Tax Revenues Soft for City of Santa Barbara
Sales and Bed Tax Results Less Than Budgeted
Sales tax revenue is down slightly for the City of Santa Barbara, which just posted its first quarter results as well as hotel bed tax information, which is also lower than the previous year.
The city’s fiscal year runs from July to June, and results as of September totaled $7.4 million in sales tax — less than the budgeted amount by 6.6. percent, but only one percent off from the first quarter last year. The same period in fiscal 2023 totaled $7.5 million, part of a comeback from the pandemic years of 2020 and 2021.
Compared to 2019, when $6.8 million in first-quarter sales tax was a 23 percent increase over the prior year, taxes hit lows the following years, recovered in 2022, and now seem to be plateauing. For fiscal 2024, the city projected collecting $30.6 million in sales tax.
The hotel bed tax, or transient occupancy tax (TOT) of 12 percent, is collected on hotels and motels, and also from short-term rentals, a k a vacation rentals. For October 2023, $2.7 million was collected. Comparatively, in October 2022, the city collected $2.8 million, which was 17 percent greater than the year previous.
During the four months since the fiscal year began in July, the city received $13.3 million in bed taxes — $12.4 million from hotels and $890,000 from vacation rentals — an amount that is 5.4 percent short for the anticipated budget of $33 million.
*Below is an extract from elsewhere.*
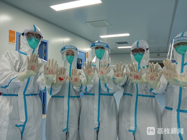 “妈妈❤️祝您生日快乐!”7月30日凌晨3点,南京市公共卫生医疗中心病房护士站前,5名穿着防护服的医护人员伸出写着这几个字的双手,在首次进舱前这样合影留念。他们是江苏省人民医院(南京医科大学第一附属医院)在南京市第二医院汤山院区救治新冠肺炎患者的医疗队队员,之所以拍这样一张照片,是因为这天刚好是他们之中的队友、江苏省人民医院急诊医学中心护士蔡浩妈妈的生日。

The city’s assistant finance director, Lindsay Maas, whose office produced the numbers, said the difference in the months of information available for sales tax versus bed tax was because they had to wait for the state to allocate the sales tax, whereas the city collects hotel fees directly. As for the decrease in tax revenues, she attributed that to “softening economic activity amid a persistently high-inflation environment.”